だが、それはとてつもなく贅沢なことだった。
国、それも1・2の強さの大国であるお前はそう簡単には消える訳がない。
今までも、これからも、当たり前に隣にいる存在だからこそ吐けた言葉だったのだ。

…あの時の心境は、お前が他国に侵略されかけた時に似ていた。
嫌味を言う事さえも忘れて、全力でお前を助ける術を考え、必死でお前の名前を叫んだ。
そうして、考えるより先に体が動いたんだ。

それだけ“当たり前”が崩れるのが怖かったんだろう。
……いや、違う。
最後だから、後腐れもないから、言ってやる。
「……俺、お前に消えて欲しく…なかったんだよ。…好き…だったからさ…。」
世界で一番美しい俺に愛されたこと、光栄に思えよ。
声を出そうとしても、それは息に変わる。
だから、極上の笑顔を特別に送ってやった。

「…っ、喋んな、今手当てするから!俺が助けるから!勝手に…死ぬなよ、ばかぁ…っ!!」
予想と違う反応に、あれ、と視線を上げる。
ぼたぼたと大粒の涙を溢す緑色の瞳と、目が合った。
精々する、そう言ってにやりと笑う姿は容易に想像出来た。
なのに…
「…んで…泣いてんだよ……。

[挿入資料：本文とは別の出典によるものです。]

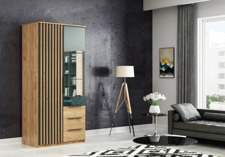 Šatní skříň dvoudveřová se třemi zásuvkami v moderním provedení. Korpus i dvířka jsou z kvalitní LTD desky v kombinaci barev dub kraft zlatý/černá doplněné zrcadlem. Uspořádání polic viz. obrázek. Úchyty jsou kovové. Dodáváme v demontovaném stavu.CASA 38018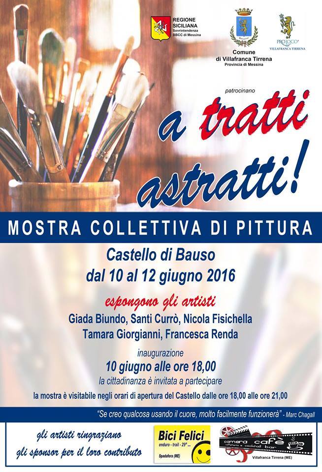 “Se creo qualcosa usando il cuore, molto facilmente funzionerà”, affermava il pittore Marc Chagall. Riportando questa citazione si presentato gli artisti che hanno pensato ed organizzato l’appuntamento “A tratti astratti”, una mostra collettiva di pittura che si inaugurerà venerdì 10 giugno alle ore 18,00 a Villafranca Tirrena all’interno delle sale del Castello di Bauso. Ad esporre le loro tele saranno cinque artisti del comprensorio tirrenico: Giada Biundo, Santi Currò, Nicola Fisichella, Tamara Giorgianni e Francesca Renda. Tutti hanno nel loro bagaglio artistico esperienze e sensibilità diverse ma, uniti dalla passione per l’arte pittorica, hanno voluto allestire questa collettiva non soltanto per offrire la loro arte ai visitatori ma per creare nuove e stimolanti collaborazioni. Per il taglio del nastro è previsto anche un rinfresco alla presenza delle autorità che hanno collaborato alla realizzazione dell’evento. L’evento, infatti, è stato patrocinato dall’Amministrazione Comunale e dalla Pro Loco villafranchese, la disponibilità dei locali del Castello, invece, è stata garantita dalla Sovrintendenza ai Beni Culturali di Messina. Inoltre hanno contribuito gli sponsor “Bici Felici” di Spafora e “Camera Café” di Villafranca Tirrena. Per ammirare le opere c’è tempo sino al 12 di giugno negli orari dalle 18 alle 21.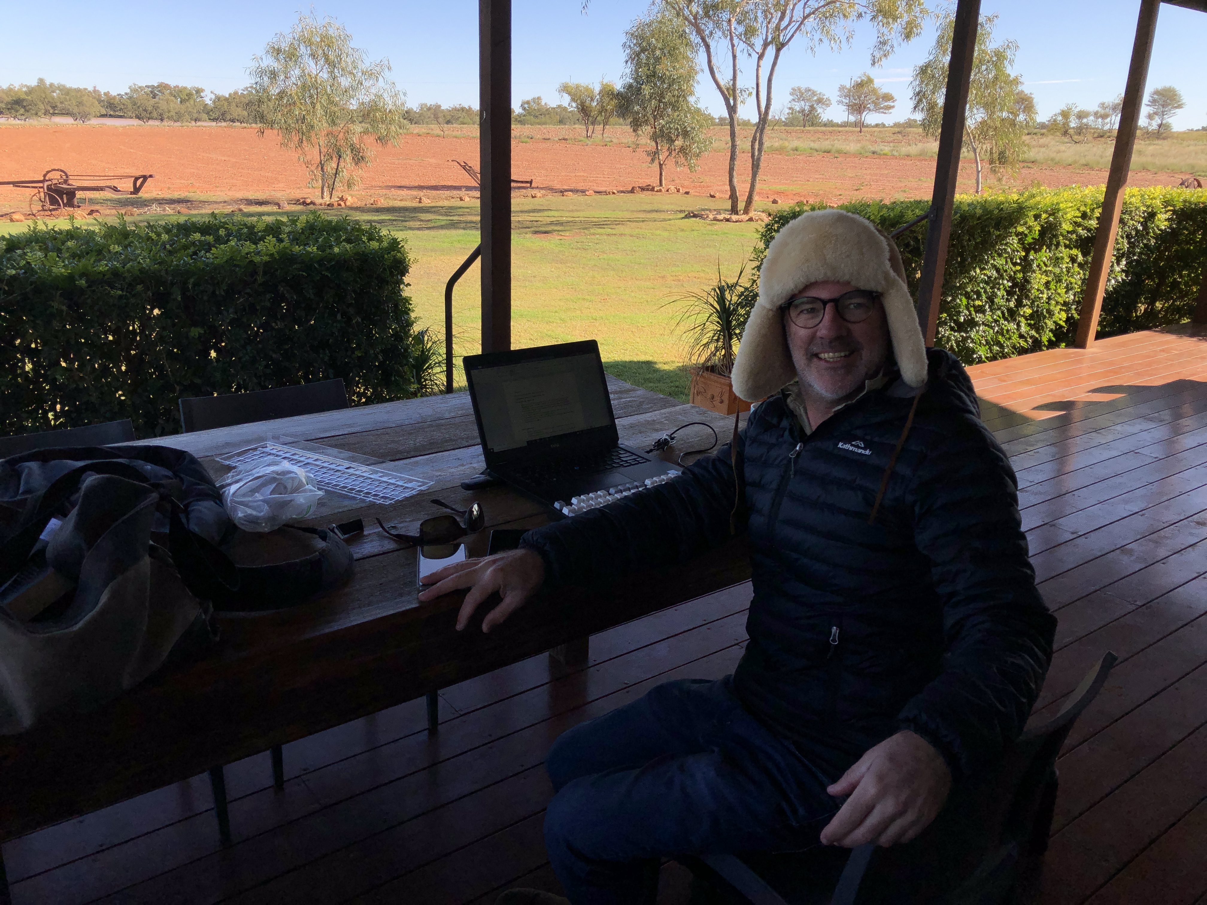 For our first night in Quilpie we stayed at the Shearer’s Quarters at The Lake, a cattle and goat property. The owners recognised the need to diversify during long-running droughts and set up some truly lovely accommodation, including a top-notch MDO office on the verandah. A little bit chilly in the early mornings but the view was well worth it.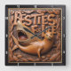 This highly dimensional square wall clock features a bold, heavily stylized illustration of a large tan shark with an open, toothy mouth and a happy, smiling brown seal swimming together. The entire design is rendered in muted brown and tan tones, strongly suggesting a deep carved relief or Engraved Wood Look, resembling aquatic wood or rock formations. The shark is positioned primarily behind the seal on the left, with its mouth open, while the seal is in the foreground looking forward with a friendly expression. They are surrounded by detailed, carved seaweed, kelp, and bubbles. The background is a dark wood panel with carved texture. The large, three-dimensional embossed text "BESTIES FOR LIFE" is carved across the top and partially down the right side in a bold, stylized font. The clock face features a simple clock face border with large, white, numbered tick marks (1 to 12) integrated into the outer frame. The artwork is surrounded by a thick, dark brown decorative border that resembles a black wood frame.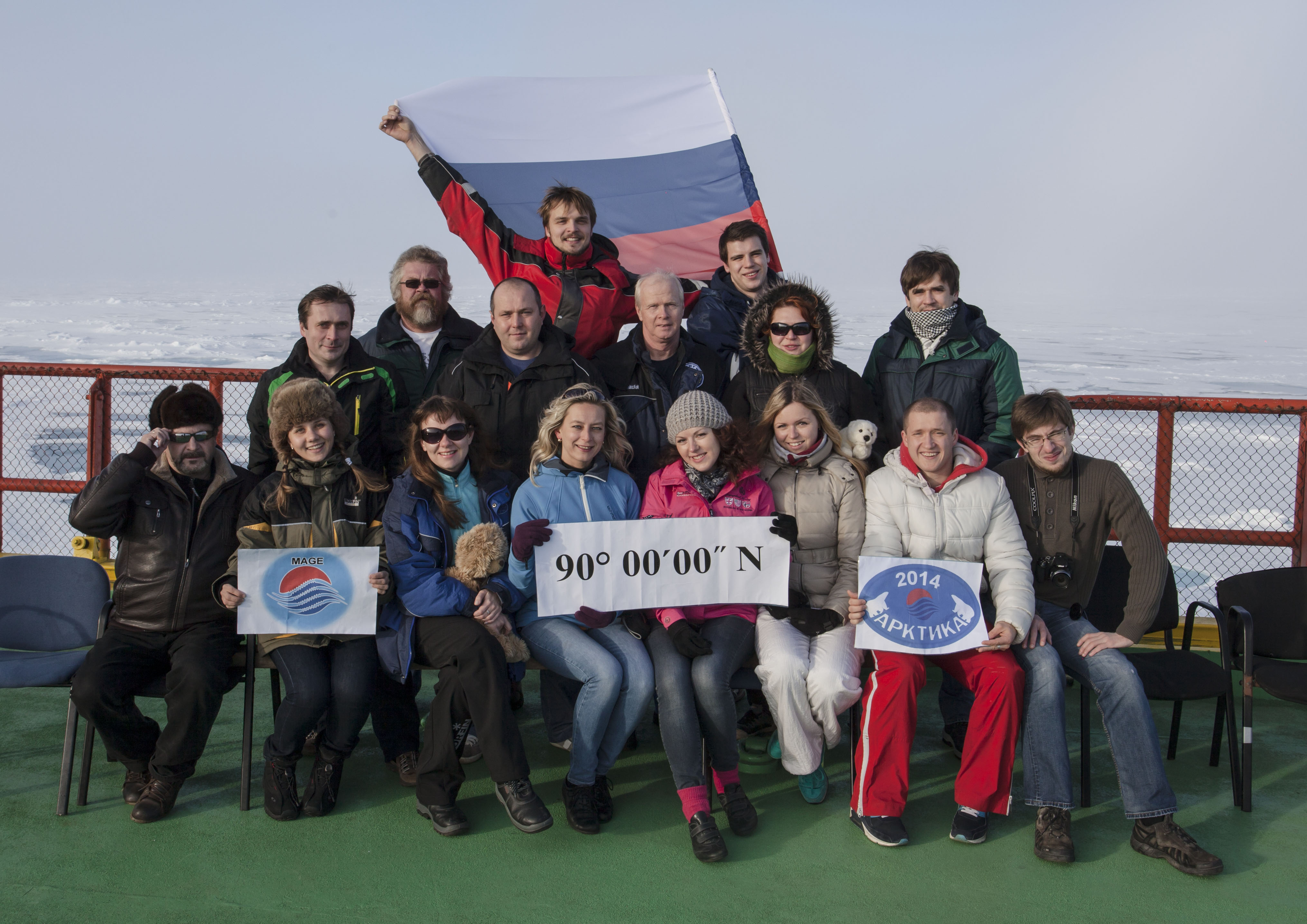 15 августа со стрельбой прошли через Северный полюс. Это было 48-е достижение полюса «Ямалом», 4-е – «Федоровым» и 13-е – мною. Полюс прошли ходом, без остановки, с ритуальной фотосъемкой дружного коллектива на вертолетной площадке и поеданием арбуза в моей каюте :) . На следующий день остановились, «особо выдающиеся» члены экспедиции были спущены на лед для официальной съемки с флагом. Впервые в истории сейсмические работы были выполнены на полюсе. Кстати в это же время канадцы на двух ледоколах работали в этом же районе («Луи Сен Лоран» и «Терри Фокс») с теми же задачами. Но на полюсе они были после нас только через 12 суток.
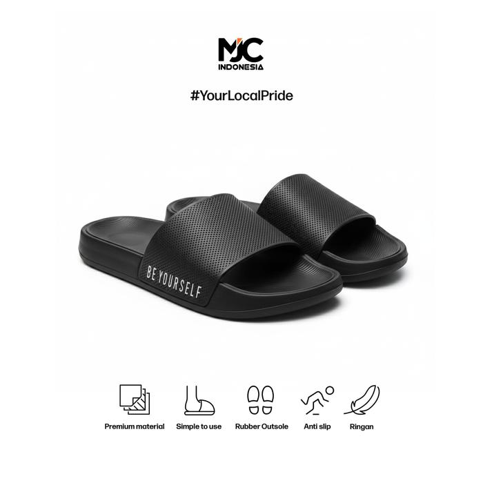 MJC INDONESIA SLOP PRIA DISTRO SELOP PRIA WANITA SENDAL SLIP ON FULL HITAM SANDAL SELOP ANTI SLIP SHOES 36-44 LUAR R KARET FLEKSIBEL ELEGAN SANDALS & FLIP FLOPS SANDAL COWOK - FULL HITAM, 36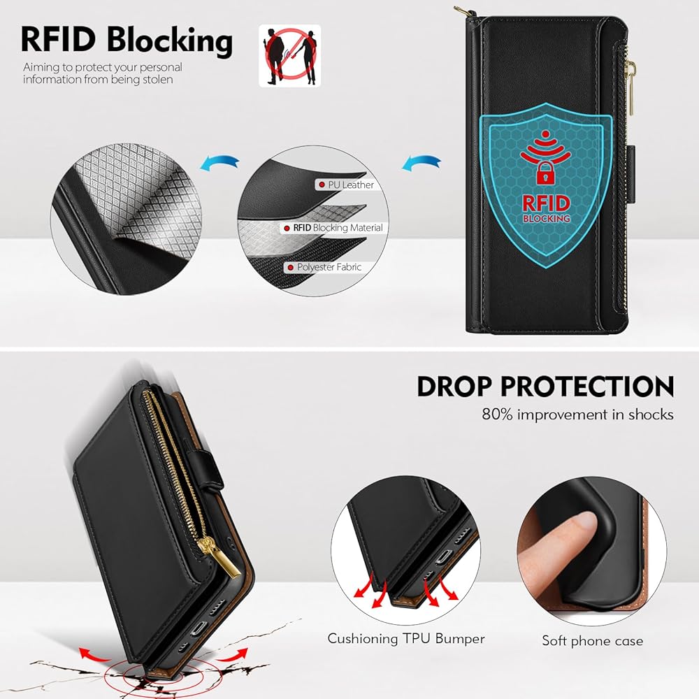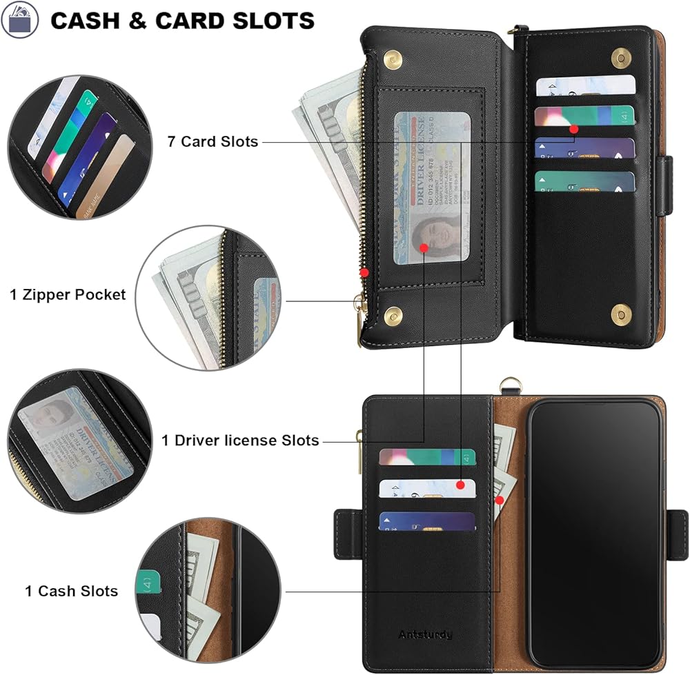 Antsturdy Compatible with Samsung Galaxy A71 5G Case Wallet with Card Holder Women Men,PU Leather Phone Case RFID Blocking Flip Folio Protective Cover Wrist Strap Zipper Credit Card Slots,Black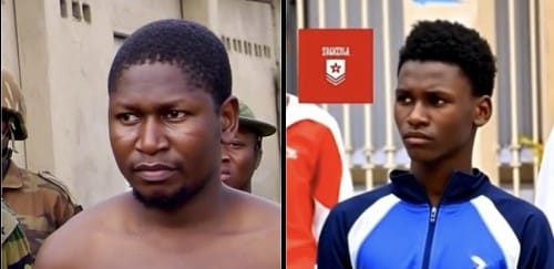 Photos seen by Zagazola show a young, short and slender man in a blue tracksuit, bearing a striking resemblance to the late Boko Haram leader, standing among far older suspects.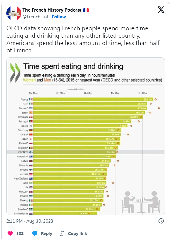 根据OECD的数据,法国人平均每天花费2小时11分钟的饮食时间,这还不包括准备饭菜或购买食物所花费的时间,这些时间被归类为“无偿工作”类别下的“日常工作”。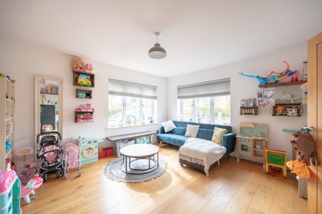 A generous room with windows to the front and side aspects and engineered wood flooring, ideal as an additional sitting room, playroom or studio.

」
確実に、自分を最も嫌っている存在はドイツかオーストリアかこいつだと思っていたのに、何で笑わないんだ。
「俺も…消えて欲しくねぇからに決まってんだろ、ばか!」
「も…しかし…て、りょ…おも…い?」
「そ…だからっ、こっから出たら、どこでもいいから、デート…とか…!」
「…俺、お前んち…行き…たい…、久しぶりに……。ばら…見せて…よ。」
「ああ、いくらでも綺麗に咲かせとく…だから…」
「楽しみ…だな…。」
本当にうきうきした気分になりながら頷く。
死ぬ前の危険信号なのか、無意識に現実から目を逸らしてるだけなのかは分からない。
こんなに楽しい予定を話してる最中なのにお前の涙は相変わらず止まらない。
何で?分からない。
昔みたいにぎゅってしてやれば、泣き止んで笑ってくれるだろうか。
手を伸ばして、抱き寄せる。
その体は昔よりもずっと熱くて…違うか、俺が、冷たいんだ。
ああ、やっぱり笑ってくれない。
一緒に外に出て、昔みたいにお菓子作ってあげれば笑ってくれる?
美味しいご飯作ってあげれば笑ってくれる?
不味いスコーン、食べてやったら笑ってくれるかな…?
「………死にたく、ない…なぁ…。」



―赤く紅く、染まっていく……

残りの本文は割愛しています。